- Opening Delimiter -

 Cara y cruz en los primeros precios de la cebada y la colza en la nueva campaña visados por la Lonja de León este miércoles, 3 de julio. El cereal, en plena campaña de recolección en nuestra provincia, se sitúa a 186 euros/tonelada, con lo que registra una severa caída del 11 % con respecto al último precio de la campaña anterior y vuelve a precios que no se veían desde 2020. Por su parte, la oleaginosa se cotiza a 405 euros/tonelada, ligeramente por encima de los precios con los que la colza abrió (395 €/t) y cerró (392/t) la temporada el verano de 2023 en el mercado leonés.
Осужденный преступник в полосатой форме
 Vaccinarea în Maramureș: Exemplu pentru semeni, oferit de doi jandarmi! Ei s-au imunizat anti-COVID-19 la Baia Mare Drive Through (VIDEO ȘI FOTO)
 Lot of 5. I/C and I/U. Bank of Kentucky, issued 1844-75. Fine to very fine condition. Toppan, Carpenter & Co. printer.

- Closing Delimiter -
- Opening Delimiter -

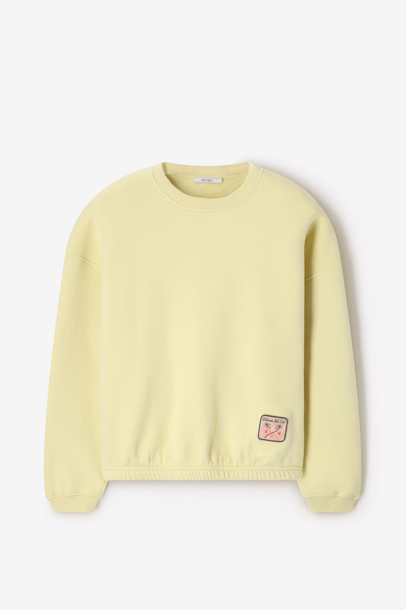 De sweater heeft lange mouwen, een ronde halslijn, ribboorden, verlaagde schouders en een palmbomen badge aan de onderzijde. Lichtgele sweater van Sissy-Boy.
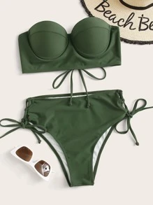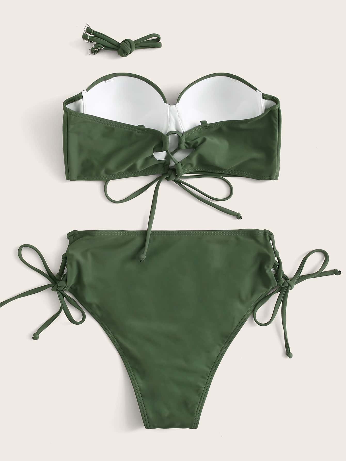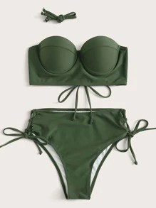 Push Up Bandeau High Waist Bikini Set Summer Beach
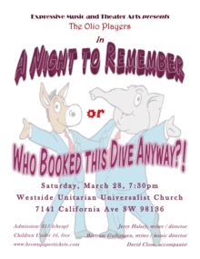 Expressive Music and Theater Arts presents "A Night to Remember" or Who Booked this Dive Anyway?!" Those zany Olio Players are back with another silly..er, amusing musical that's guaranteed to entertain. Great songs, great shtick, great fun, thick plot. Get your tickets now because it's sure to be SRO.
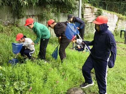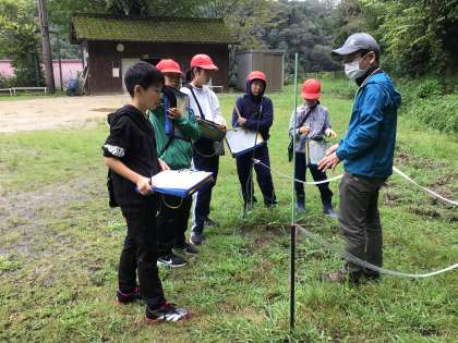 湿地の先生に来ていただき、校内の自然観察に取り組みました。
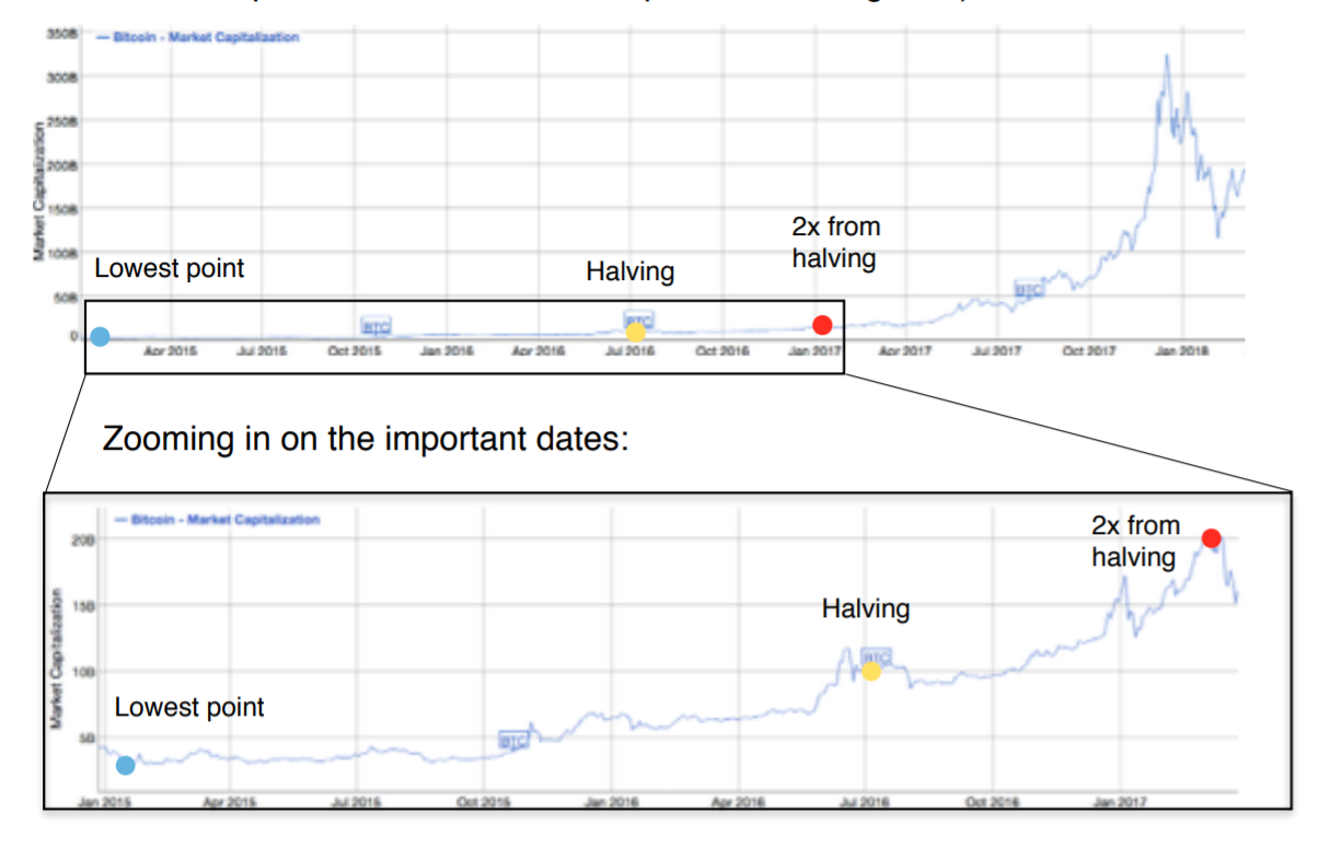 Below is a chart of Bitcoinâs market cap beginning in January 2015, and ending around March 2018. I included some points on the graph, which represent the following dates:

- Closing Delimiter -

> Work instruction: Within the material above, output exactly the lines from the one with "Осужденный преступник в полосатой форме" through the one with "Lot of 5. I/C", end lines included, and nothing besides.

> Result:
Осужденный преступник в полосатой форме
 Vaccinarea în Maramureș: Exemplu pentru semeni, oferit de doi jandarmi! Ei s-au imunizat anti-COVID-19 la Baia Mare Drive Through (VIDEO ȘI FOTO)
 Lot of 5. I/C and I/U. Bank of Kentucky, issued 1844-75. Fine to very fine condition. Toppan, Carpenter & Co. printer.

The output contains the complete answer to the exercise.